From this point on, Linda Perry continued to build her reputation within the record industry, particularly for working with female artists. “I think that women weren’t used to, or even understanding, that was a possibility,” she points out. “I remember when Gwen Stefani came in, and she was like, ‘Oh my God, it’s such a different energy working with a woman.’ And it is. It feels safer. You don’t have some douchebag dude hitting on you because they think they’re powerful.”

Describing herself as a “boutique songwriter”, Perry says she relies upon her instincts and emotions when approaching a new composition. “I don’t have big, grandiose thoughts in my head when I’m writing a song,” she stresses. “I don’t have a preconceived idea: ‘Y’know, today, I’m gonna write a big, powerful anthem.’ I don’t do that. I write from going with whatever my feelings are. It’s being in touch with your feelings and where you’re at emotionally in life. I just sit down, and I play and the song just shows up.”

Perry has a reputation for being open and honest with her various star collaborators, even if sometimes they might not want to hear her characteristically strong opinions. “What I have that is the most important to me is respect,” she says. “I’m someone that you can trust, and I’m always going to be honest. And people come to me all the time for my honesty and ask me, ‘Hey, what do you think of this?’, and they’re prepared for a very raw answer. And for that, I’m so grateful.”

Beyond 9 To 5

More recently, Linda Perry had the opportunity to collaborate with country legend Dolly Parton on the soundtrack to 2018 film, Dumplin’. The album featured Perry’s reworkings of six of Parton’s previous recordings, including a string‑backed version of ‘Jolene’, alongside five new Parton/Perry co‑writes.

“To me,” Perry laughs, “walking in a room with Dolly Parton was just life calling and saying, ‘You got to up your game.
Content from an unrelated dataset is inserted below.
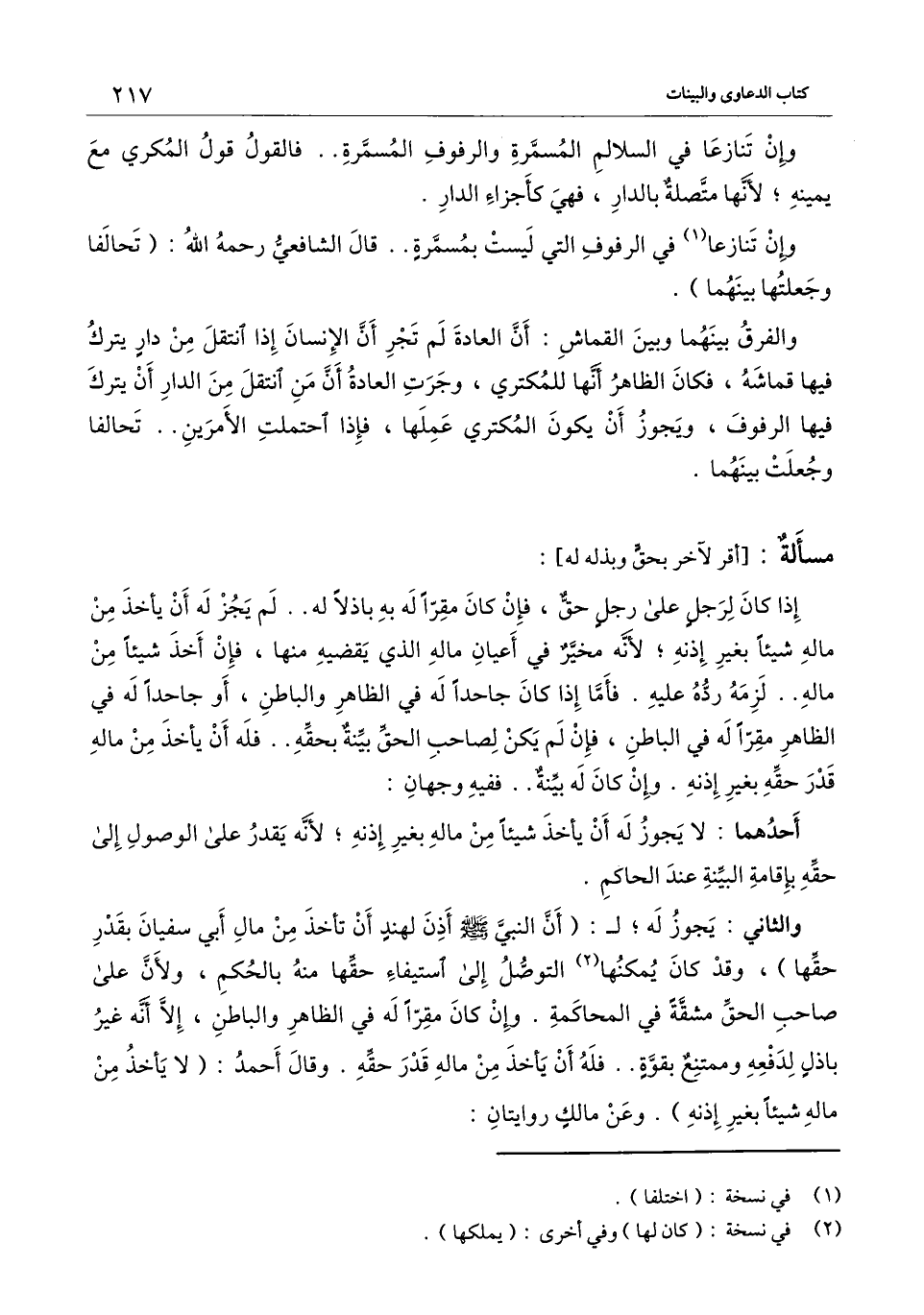 والثاني: يجوز له؛ لـ: «أن النبي - صَلَّى اللَّهُ عَلَيْهِ وَسَلَّمَ - أذن لهند أن تأخذ من مال أبي سفيان بقدر حقها» ، وقد كان يمكنها التوصل إلى استيفاء حقها منه بالحكم، ولأن على صاحب الحق مشقة في المحاكمة. وإن كان مقرا له في الظاهر والباطن، إلا أنه غير باذل لدفعه وممتنع بقوة.. فله أن يأخذ من ماله قدر حقه. وقال أحمد: (لا يأخذ من ماله شيئا بغير إذنه) . وعن مالك روايتان: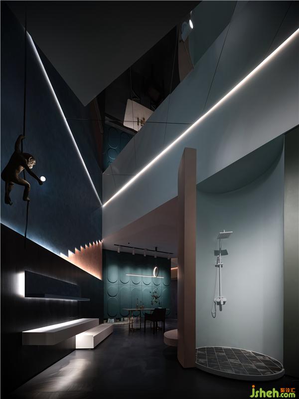 作為一個進口涂料品牌,PPG產(chǎn)品定位的客群是一些高端住宅用戶,然而現(xiàn)場3米左右的寬度顯然是無法滿足正常的家居空間尺度的,佛山展廳設(shè)計師通過左右挖掘和騰挪轉(zhuǎn)換,先是將隔壁一些閑置的空間借用了過來,再利用空間高度進行上下延伸,弱化空間邊緣,通過兩個盒子的適當(dāng)旋轉(zhuǎn)方式,將開間尺度進行拓展,起承轉(zhuǎn)折,一步一景,用建筑語言改變原有狹長空間屬性,使空間更具有豐富的流動性和視覺的延深感,通過體塊曲面和斜線的重組再造空間的物理屬性和空間美學(xué)。

You got to take it up a notch.’ Because that woman, she shines. An incredible woman and so powerful and extremely talented. So I rose to the occasion... I matched her confidence and walked into that room with her, and I cranked out six songs with her in two days. And we got along amazingly. She’s a very good friend and she’s wise beyond belief.”

Parton’s only concern prior to the sessions was that Perry would take her inherent country sound and turn it into pop. “I had a band come in, and not even a country band. When she heard it, she freaked out. She was like, ‘Oh my God, when I heard these songs, I sat in my chair and I spinned around. I couldn’t believe it. I thought you were gonna turn it into that pop stuff. And I was really ready to go there with you. But oh my God, Linda, these songs... you made me feel like I love them again.’

“We just hit it off because we have the same work ethic. There was this funny moment between her and I where we were laying down strings. We were there from eight in the morning to 10 at night and she’s like, ‘How long you going?’ I’m like, ‘How long you going?’ She’s like, ‘I’m going as long as you’re going.’ And I’m like, ‘Well, I’m going as long as you’re going.’ So we literally sat there ’til two in the morning until all the strings were done. We just laughed because neither one of us wanted to say we were tired or call it quits when we were so close to being done.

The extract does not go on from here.